Luxe, à quelle génération s’adresser ?
Les chiffres d’affaires du secteur du luxe au premier semestre confirment le ralentissement déjà observé l’année dernière, sur fond d’incertitudes économiques et géopolitiques, et montrent de grandes disparités entre les maisons.
Trois exemples illustrent parfaitement la situation :
- Le chiffre d'affaires d'Hermès progresse de 12 % (et même 15 % à taux constants).
- LVMH est quasi stable avec une légère hausse de 2 %.
- Kering enregistre une baisse de 11 %.
Plusieurs facteurs distinguent ces trois entités, notamment leur cible générationnelle, qui peut significativement impacter le chiffre d’affaires en période de contraction économique. En effet, plus la clientèle ciblée est jeune, plus elle réduit ses dépenses en cas de crise, car son niveau de vie est davantage contraint par des dépenses obligatoires.

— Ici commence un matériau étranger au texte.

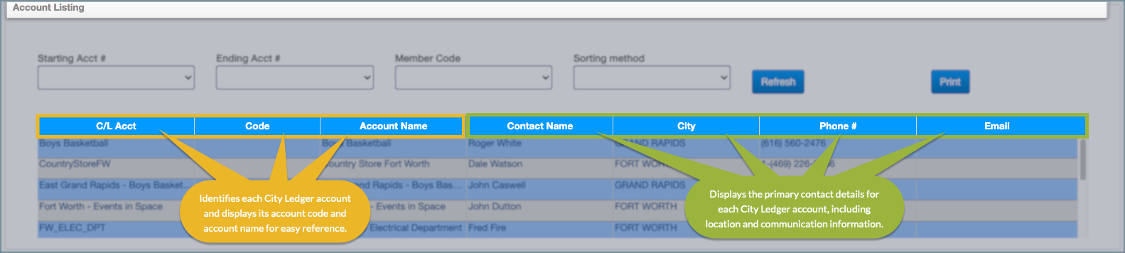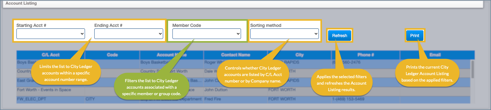 The top section of the City Ledger Account Listing allows you to control which accounts appear in the list and how they are displayed. Filters can be used to narrow results to a specific range of accounts, member codes, or sorting preferences before refreshing the list. Once filters are applied, the results can also be printed for reference or reporting. This area is typically used to reduce large account lists into a manageable view before reviewing balances or opening account details.

1. Le niveau de vie suit la courbe des âges
Voici le niveau de vie médian par tranche d’âge, constaté par l’INSEE en 2022 :
- 18-29 ans : 23,6k€
- 30-39 ans : 25,1k€
- 40-49 ans : 25,4k€
- 50-64 ans : 27,2k€
- 65-74 ans : 24,6k€
- +75 ans : 23,2k€
Aussi, miser entièrement sur la génération Z semble prématuré, d’autant plus que, hormis en Afrique, les populations sont en décroissance et vieillissantes, y compris en Chine où la population a entamé une décroissance vertigineuse.

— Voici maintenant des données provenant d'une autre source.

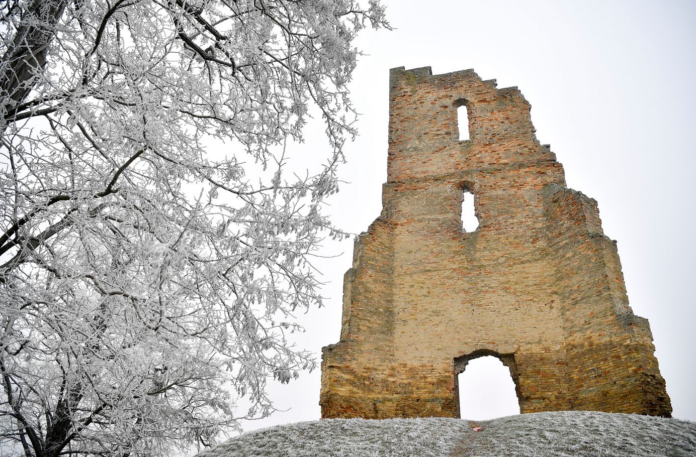 Eine wunderschöne Winterstimmung der Ruinen der Kirche des ehemaligen Dorfes Zelemér unter schneebedeckten, vereisten Bäumen, in der Nähe von Hajdúböszörmény.

Partout dans le monde, les courbes des salaires et des dépenses se superposent. Ignorer cette réalité peut entraîner des déconvenues, comme celles que Gucci connaît et qu’Hermès semble avoir évitées.
Les particularités générationnelles, souvent mises en avant, masquent les conditions socio-économiques, les préférences individuelles liées à l’âge, ainsi que les particularités culturelles et géographiques.
Ceci explique les grandes disparités de comportement observées au sein des générations comme la génération Z, qui par exemple, serait la plus sensible au développement durable tout en assurant le succès fulgurant de la fast fashion.
2. La génération : plus un concept marketing qu’une réalité scientifique
Par exemple, lorsqu’on parle de la génération Y / Millenials / Digital Natives, il est difficile de définir précisément leurs dates de naissance.
Dans leur livre "Generations" paru en 1991, où le terme "Millennial" apparaît pour la première fois, William Strauss et Neil Howe parlent des personnes nées entre 1981 et 1996.
Selon la Harvard Business Review, ils seraient nés entre 1984 et 1996. Selon Statistique Canada, la génération Y s’étendrait de 1972 à 1992. Pour l’APEC, entre 1989 et 1999, etc.
Ainsi, le concept de génération, loin d’être performatif, est une segmentation imparfaite dont les fluctuations temporelles révèlent la faiblesse.
En conclusion, il est essentiel pour les marques de luxe de prendre en compte, un peu moins les spécificités générationnelles qui restent théoriques, et davantage les réalités économiques et sociales concrètes, afin de cibler efficacement leur clientèle et d’assurer une croissance durable.